Германн был уничтожен, словно расстрелян, распят своими друзьями и людьми, которые его совсем не зна­ли. Хотя в этом незнании, в судилище, устроенном ему, было все же ощущение спектакля из-за множества об­винений, нелепых и диких, от которых немели волосы. Но было среди них одно и справедливое, как спаситель­ная палочка, брошенная ему кем-то из друзей: пьяный. А он-таки был пьяным, давно, с утра, а может, и с ве­чера еще. Было вечером. Было немножко, малость са­мую, и утром. Было в полдень здесь же, перед входом в это здание. Немного, но было. Что они, обязаны были ту бутылку "Русской", купленную вместе с "Наполео­ном", в сумках носить или за пазухой прятать. А вдруг на входе их незаметно проверяют, просвечивают? Так уж лучше ту "Русскую" в русское нутро, чтобы никакой прибор его не высветил. Отошли чуть в сторонку мужи­ки и из горла по кругу, кто сколько мог, тот столько и влил в себя. И вот теперь опять же, ну, как сейчас нач­нут проверять на приборы всякие и на запахи: кто та­кие, откуда, как оказались здесь на подпитии. Кто до­пустил, кто дозволил? Черт с ним, с тем министром, будь он в двенадцатом колене. Пусть живет, как ему хочется, в золотой ванне в шампанском купается, красной ик­рой за сарай себе бегает. Подвел, продал Германн свою группу, гида, говорящего стихами Пушкина да Блока. Вон уже кучерявенький прицелился в него прищурен­ным глазом, будто на анализ его хочет взять, а скорее всего, на мушке держит, как зайчика. Сейчас нажмет на курок - и каюк. И этот сосед-попутчик с антенной и передатчиком тоже расстреливает, как из двустволки. Эх, жизнь копейка, куда влез, чего поперся со свиным ры­лом в смольный ряд.
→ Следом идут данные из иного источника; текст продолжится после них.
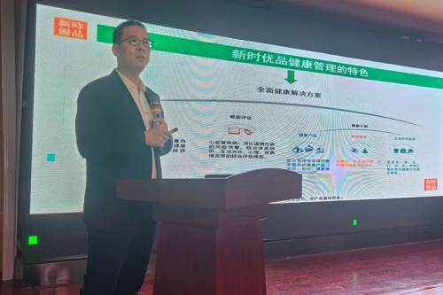分公司总经理陈明上台致辞,为大家剖析了公司以人为本全面健康解决方案的优势及发展前景,鼓励大家认真学习,顺利结业,成为一名专业的健康顾问,为健康事业的发展贡献力量。同时,他为在场新时代人带来了《健康顾问能力标准和素养》的课程,让大家收获颇丰。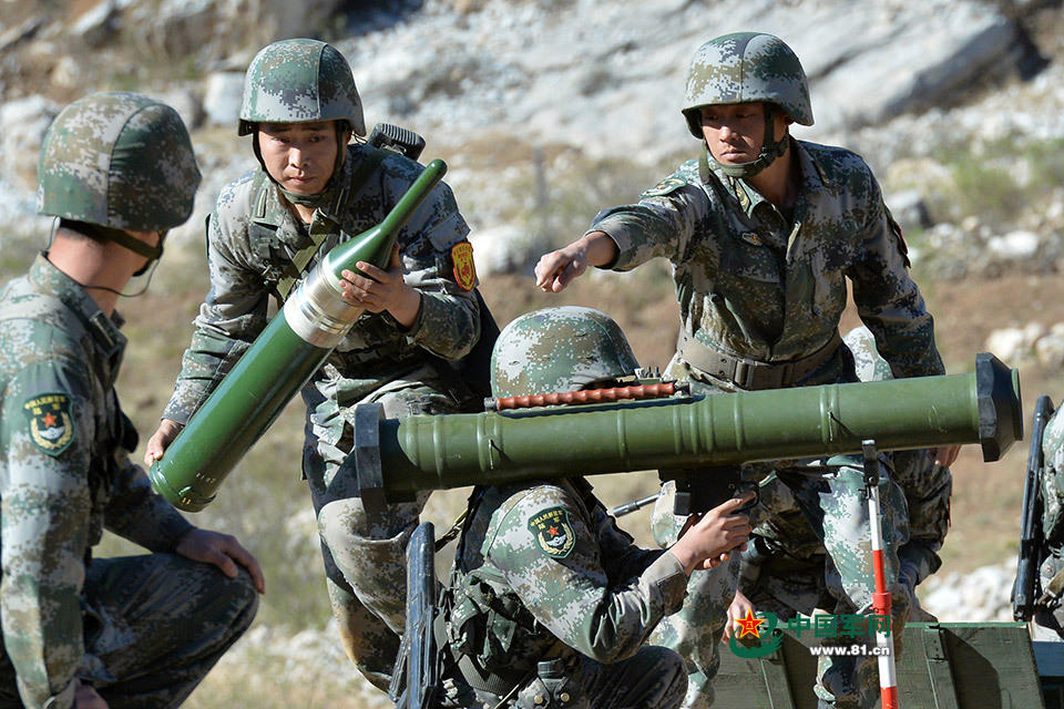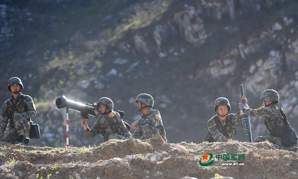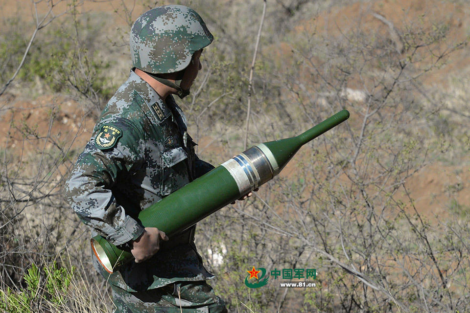 "实弹射击中,1发120mm火箭弹击发后未出筒,现地组织射击的上校教员挺身而出勇排故障弹,阳光下,崭新的“中国人民解放军陆军”臂章分外醒目。"

На "Наполеон" он может дать, на мотоцикл. Сопел бы себе тихо со своими медными пя­тью грошиками в две норки. И людей подвел, и сам пропал. Чистоты, очищения захотел. Вот тебе храпу и начистят, и дай Бог, только храпу. Тут, брат, тебе не у Проньки за столом в глухой таежной заимке, хрен лиш­ний раз пернешь.

Германн почувствовал себя таким одиноким и затрав­ленным, что даже слезы навернулись на глаза, те, непро­литые в детстве, жгучие. Все вмиг отвернулись, отрек­лись от него. Сушь и жар, раздирает горло выпаливаю­щее все внутри одиночество. И вокруг не люди, а камни, глыбы. Еще миг, и глыбы эти оживут, останется от него только пыль, порошок. Щенок брехливый, тявкать взду­мал. Дотявкался.

- Щенок брехливый. Какой враг, просто брехливый щенок. Чего вы хотели от деревенского щенка, - задер­галась переродившаяся родинка с волоском-антенной. И могучая рука ухватила его за ворот костюма. Германн сжался, приготовившись ко всему, даже к смерти. Но плюща глаза, чтобы легче было расстаться с жизнью, уви­дел, что ему подмигивают. Только он хотел возрожденно вздохнуть, как последовал мощнейший пинок в задни­цу, такой поджопник, что можно было ласточкой взвиться в храме и кружить в нем вечно. Будто бил не этот живой и подмигивающий, а тот, державный, командорско-ка­менный.

- Желаю успехов!

И новое подмигивание. И громовой хохот. А Гер­манну показалось, будто перо ему в зад воткнули. И полетел он перышком из храма, из светелки, неся в себе двойное: "желаю успехов", - человека, нанесшего удар, и кучерявого мальчишки. И хохот того мальчишки. Хотя в этот хохот ему ни тогда, ни позже не верилось. Не хотелось верить тем более позже. Был он или не был, смеялся или нет над ним мальчишка? Это было загадкой для него в ту минуту, и через месяц, когда перестал чесаться копчик. Это загадка для него и сегод­ня. Навсегда.

Эта загадка, скорее всего, и повергла его в долгое и все время нарастающее одиночество. Никому он не мог рас­сказать, что произошло с ним в Смольном, как он схо­дил к Ильичу. Горько и стыдно. И под знаком вопроса это было. И было ли? И через годы стоило вспомнить Смольный, как пулей летел он по просторным дышащим историей и революцией коридорам, снова начинал ныть копчик и стенала душа. "Желаю успехов, желаю успехов", - гудело в ушах.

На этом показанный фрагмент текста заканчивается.